Experimental Design and Procedures
This study was a longitudinal training experiment with testing completed before and after the 8-wk training period.
Training program. All subjects completed the same resistance training program for the upper body plus leg curl and leg extension exercises. This program consisted of free weight and machine exercises performed at an intensity of 10RM with sets of 15 repetitions completed for the abdominal and lower back exercises. In addition, the control group completed three sets each of squat and leg press exercises using a load of 6RM while the treatment group completed ballistic resistance training consisting of six sets of jump squats with a counter movement performed on a Plyometric Power System (PPS) (Optimal Kinetics, Lismore, Australia). Because of the difficulty of comparing training volume between the ballistic and traditional resistance training based on work done, the amount of training was balanced between the two groups based on total number of repetitions completed. The ballistic training program consisted of six sets of six repetitions performed with two sets at each load of 30%, 60%, and 80% of the subject's pretest 1RM squat. The eccentric brake system previously described by Humphries et al. (18) was used to remove approximately 75% of the weight of the bar on the downward or eccentric phase. All subjects trained for 8 wk with two sessions of lower body and two sessions of upper body resistance training per week. The test measurements were taken immediately before and again after the training period. In addition, all subjects completed the usual preseason volleyball preparation that included aerobic training in the form of jogging, on-court skills training, and actual game play; however, they did not complete any specific plyometric training. In general, the players completed four to five training sessions per week not including the four resistance training sessions.
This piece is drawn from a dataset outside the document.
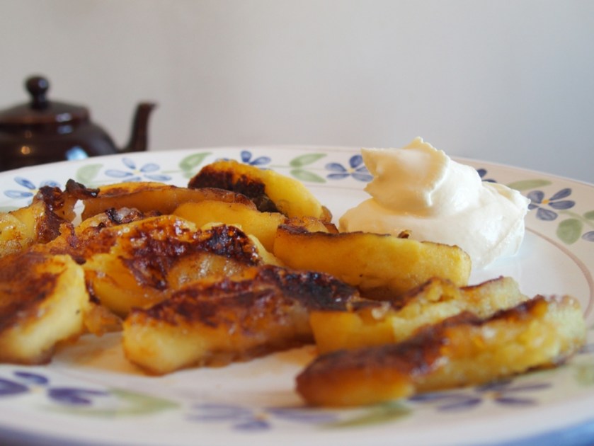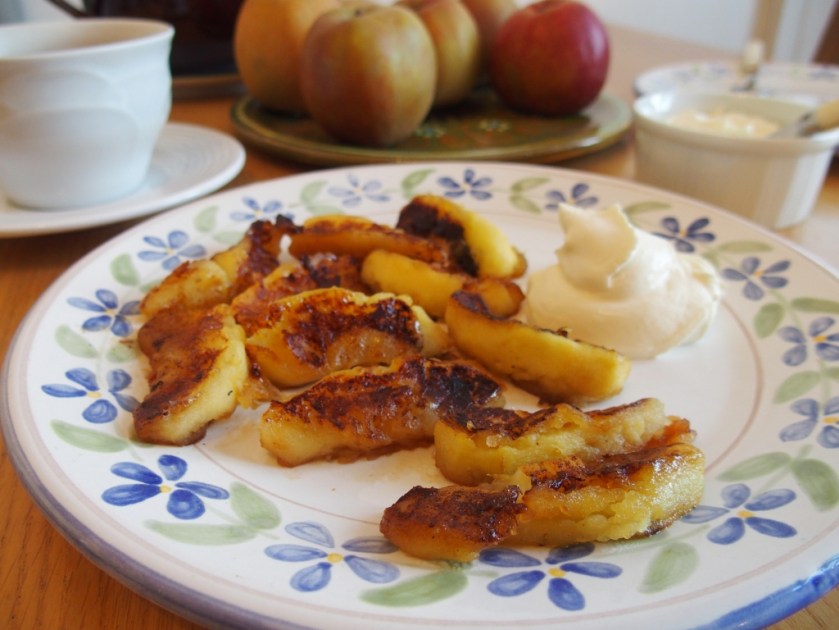 Dresser vos quartiers de pommes sur de jolies assiettes et les servir accompagnés d’une grosse cuillerée de crème fraiche épaisse bien froide.

Testing protocols. Jump and Reach tests: Jump and reach performance was measured using a Vertec (Questtek Corp., Northridge, CA). Reach height was established by having the subject stand flat-footed and reach up to displace the marker on the Vertec. The subject then performed two types of jumps: a) the standing vertical jump and reach (SJR) for which he dipped to a self-selected depth and then jumped and reached with his preferred hand to displace the marker on the Vertec; b) a three-step approach followed by a takeoff from one leg to reach and displace the marker on the Vertec (AJR). Three trials were permitted for all jumps with the highest jump being used in subsequent statistical analysis.
Maximal squat strength test. Maximal squat strength (1RM) was assessed by having the subjects perform a concentric-only squat from a position of 110° knee flexion using the Plyometric Power System (PPS) following methods similar to that described by Wilson et al. (33). The load lifted in the best successful attempt was recorded in kilograms.
Plyometric Power System squat jump tests (PSJ). Squat jump performance under loads of 30%, 60%, and 90% of 1RM was assessed using the PPS. Subjects were placed in a position of 110° knee flexion (measured by goniometer) with the heels directly under the bar of the PPS. They were then instructed to explode upwards attempting to jump for maximal height. Bar displacement and mass was recorded and various velocity, acceleration, work, and power variables were calculated.
Force plate tests. Force plate testing consisted of drop jumps (DJ), counter movement jumps (CMJ), and squat jumps (SJ) with both takeoff and landing performed on a triaxial force plate (AMTI, MA). The vertical ground reaction force was recorded and measures of flight time, contact time, force, mRFD, velocity, and power output calculated. The various jump types were used to assess specific aspects of vertical jump performance.
- Drop jumps: The subject dropped from a 30-cm height, landed on the force plate, and then attempted to jump for maximum height, landing back on the force plate.
- Counter movement jumps were performed by dipping down to a knee angle of 110° (visually checked by an observer) and then jumping for maximum height landing back on the force plate. The counter movement jump was performed with body weight alone.
- Squat jumps involved the subject flexing the knees and hips such that the angle at the knee was 110° (measured by goniometer) and holding this position for 4 s. They then jumped vertically upwards from this position attempting to attain a maximum height. If a preparatory dip was observed on the force time graph, then the trial was discarded and the subject made a further attempt. Squat jumps were performed with body weight alone, and with the addition of 20 kg and 40 kg strapped to the subject's torso.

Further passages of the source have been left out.